Identify Downstream Dataset Dependencies

Power BI DA-100 Exam Tips
Manage Datasets
Identify Downstream Dataset Dependencies

In this series of blog posts, we will be examining some of the key features of Power BI Desktop, Power Query and the Power BI Service needed to pass exam DA-100: Analyzing Data with Microsoft Power BI.

In this Power BI training post, we will examine DA-100 exam – Manage Datasets: Identify Downstream Dataset Dependencies.

Identify Downstream Dataset Dependencies

This topic refers to two related features which are found in the Power BI service: lineage view and impact analysis.

List View and Lineage View

In the Power BI service, when you are looking at the contents of any workspace, the normal view, the flat view if you like, is List View. Here, you see the name of each item, and you have a series of columns, which give you further information about each item.

However, what this view does not give us is any idea of the relationship between the various items, the various artefacts within the workspace. Within the workspace, we have datasets; we build reports from those datasets; and then, typically, we create dashboards, which also have dependencies on those reports.

In order to keep track of these dependencies, and to get a good idea of the impact that any changes you might make, will have on other related items, this is where switching to lineage view becomes useful. To do that, we just choose lineage from the view drop-down menu.

Lineage View and Workspace Roles

In order to work in lineage view, you need to have write access to the workspace in question, and this means that of the four roles available for access, you need to have Admin, Member, or Contributor access.

Here is the same workspace as seen by someone who only has Viewer access to the workspace, and you will notice that there is no possibility of switching to lineage view.

This is because the Viewer role only gives you access to content, it does not give you access to the underlying datasets. So, lineage view would not really make any sense in that context.

Exploring Lineage View

In lineage view, content is shown in related clusters.

In this first cluster, we can see that we have a dataset, which is made up of three components, a CSV file, tables or views brought in from SQL Server, and then some data brought in from a web source.

We can also see that this dataset has been shared. So, it is possible for users to build reports on this dataset and upload them into other workspaces.

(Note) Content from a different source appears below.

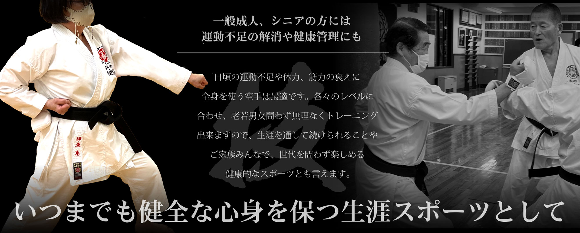 日頃の運動不足や筋力体力の衰えに全身を使う空手は最適なスポーツです。各自のレベルや体力に合わせ 老若男女問わず、無理なくトレーニングをすることが出来ます。年齢を経てもご自分のペースでできる空手は 生涯スポーツとしても見直されています。一般会員の方は大人になってから始められた方がほとんどで、70代の 方も元気に稽古に励んでいらっしゃいます。初めての方には専門のインストラクターが親切丁寧にご指導致します。
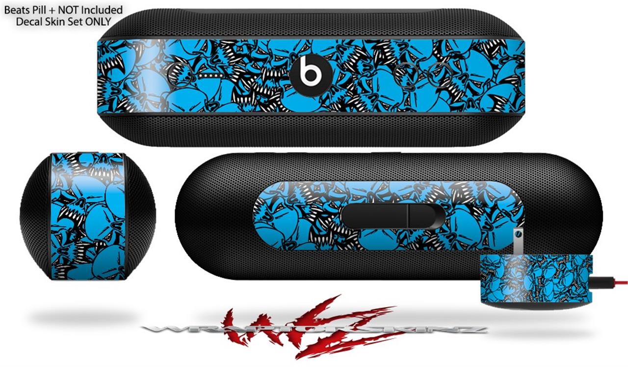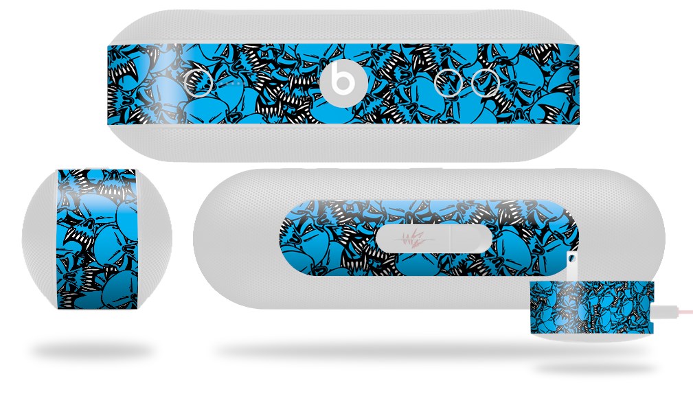 Decal Style Wrap Skin works with Beats Pill Plus Speaker Scattered Skulls Neon Blue Skin Only (BEATS PILL NOT INCLUDED)

Then we see the report that is been built from that dataset, and then finally, a series of dashboards, which all have dependencies on that sales report.

Show Lineage

In the bottom right of each of the items in the cluster, we have a button marked show lineage. When we click on this, we are given a very clear overview of the dependencies on the selected item.

In this example, we can see that selected data source is used in the dataset, it is used in the report, and it is used in the various dashboards as well.

Local and External Datasets

The above cluster is entirely located within the current workspace, the UK Sales workspace. If we move down to the next cluster, we have an example of a dataset, which is coming from another workspace, and this is referred to as an external dataset, and you will see it has its own icon when we hover over the icon, that tooltip tells us that this is an external dataset, and you will notice that we have a link, which will enable us to navigate to that location.

From that external dataset, we have created four reports, and then we have created one dashboard from each of those reports.

Next, let us click on the Data Central link to navigate to the workspace that contains this dataset.

We remain in lineage view, and we are now taken across to the Data Central workspace, where our sales data dataset is located.

We can see each of the data sources on which this dataset is built. We have a couple of Excel files, a SQL Server database, and a web source.

Viewing Impact Analysis

However, that the diagram does not show us the reports that may have been built from this dataset, and this is where the Impact Analysis screen comes in.

If we click on the button which says, "Show impact across workspaces", the Impact Analysis pop-up appears, and this gives us a very good overview of how the dataset is being used within the Power BI tenant.

We have one section for each of the workspaces from which this dataset has been referenced, and at the moment, there is only one other workspace, which is the UK Sales workspace, where we started.

When we expand UK Sales, we get a list of all the reports and all the dashboards that have been built from this dataset.

When we were up and running, we will also be given some useful stats as to who is viewing the content, and how many views are coming from each of those viewers.

Sending Notifications

We also have a useful button here for sending out notifications to the contacts associated with this workspace. For example, if we were about to make impactive or potentially impacted changes to the dataset, we might want to notify people who have built reports from that dataset.

To determine who gets notified, we click on the ellipsis menu next to the name of the workspace (In this case "Data Central") and go into workspace settings.

In the advanced section, we can specify the contact list. By default, the list includes anyone who has admin access to this workspace. However, alternatively, we can choose specific users and groups and then reference either individual users or security groups.

These are the people that will be notified when we click on notify contacts.

So, that is an overview of the two areas relevant to this topic; just be aware of how to use lineage view to track dependencies on the objects within a workspace, and also to use the impact analysis feature to get an idea of how changes that you may make to your datasets could have an impact on downstream artefacts.